Task statement: Exact reproduction is required for the lines below starting at the line with "Once the URL" and ending at the line with "차주 주말은 겁은 많지만", both included. No other lines, and no pictures.

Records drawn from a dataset
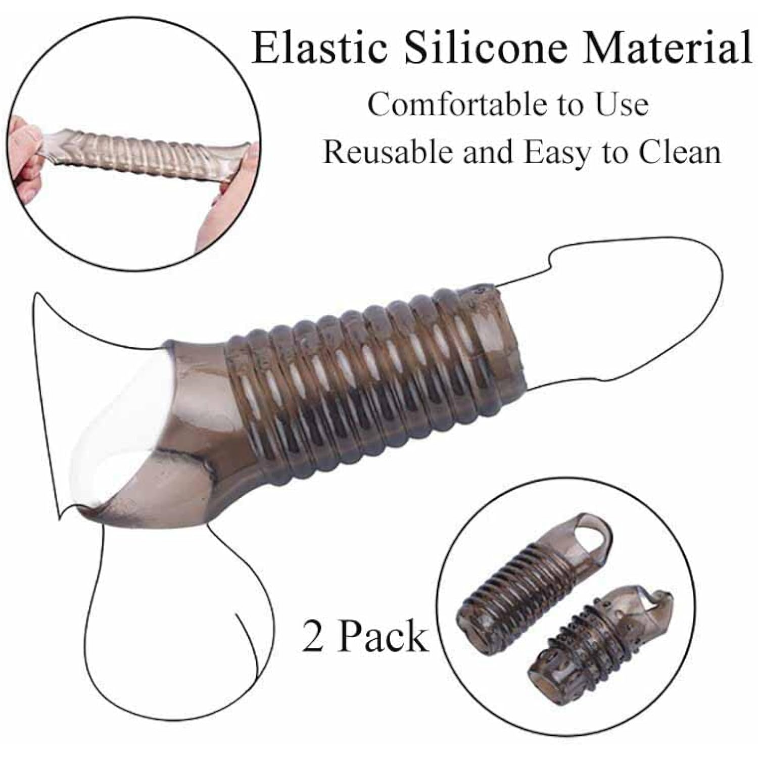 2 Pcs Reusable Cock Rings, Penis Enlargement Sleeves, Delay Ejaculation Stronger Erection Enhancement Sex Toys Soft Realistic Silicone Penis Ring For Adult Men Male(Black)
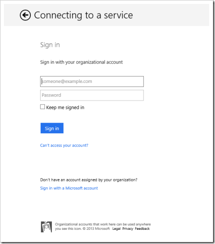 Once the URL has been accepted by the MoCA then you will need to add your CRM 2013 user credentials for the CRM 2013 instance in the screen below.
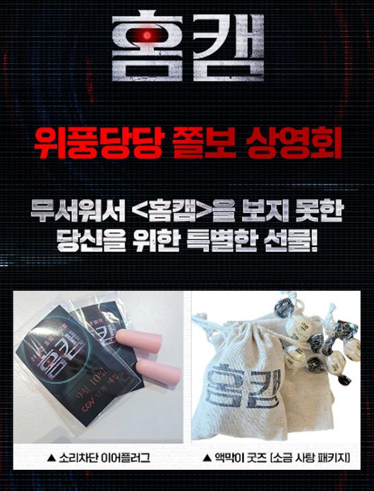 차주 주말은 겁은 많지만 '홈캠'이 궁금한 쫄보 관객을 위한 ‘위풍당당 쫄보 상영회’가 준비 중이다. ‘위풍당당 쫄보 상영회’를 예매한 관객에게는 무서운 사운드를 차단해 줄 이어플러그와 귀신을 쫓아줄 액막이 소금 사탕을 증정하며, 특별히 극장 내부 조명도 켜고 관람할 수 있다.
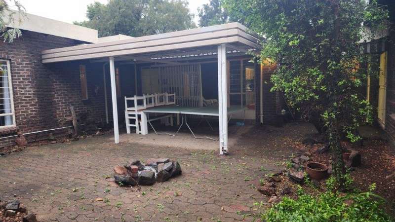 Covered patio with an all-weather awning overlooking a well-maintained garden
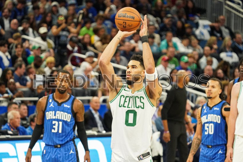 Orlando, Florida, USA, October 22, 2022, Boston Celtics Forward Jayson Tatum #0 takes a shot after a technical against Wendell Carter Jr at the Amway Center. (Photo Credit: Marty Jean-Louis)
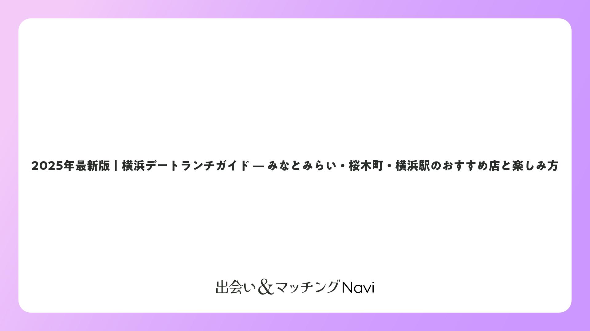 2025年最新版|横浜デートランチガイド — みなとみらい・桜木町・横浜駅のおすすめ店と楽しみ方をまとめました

Output:
 Once the URL has been accepted by the MoCA then you will need to add your CRM 2013 user credentials for the CRM 2013 instance in the screen below.
 차주 주말은 겁은 많지만 '홈캠'이 궁금한 쫄보 관객을 위한 ‘위풍당당 쫄보 상영회’가 준비 중이다. ‘위풍당당 쫄보 상영회’를 예매한 관객에게는 무서운 사운드를 차단해 줄 이어플러그와 귀신을 쫓아줄 액막이 소금 사탕을 증정하며, 특별히 극장 내부 조명도 켜고 관람할 수 있다.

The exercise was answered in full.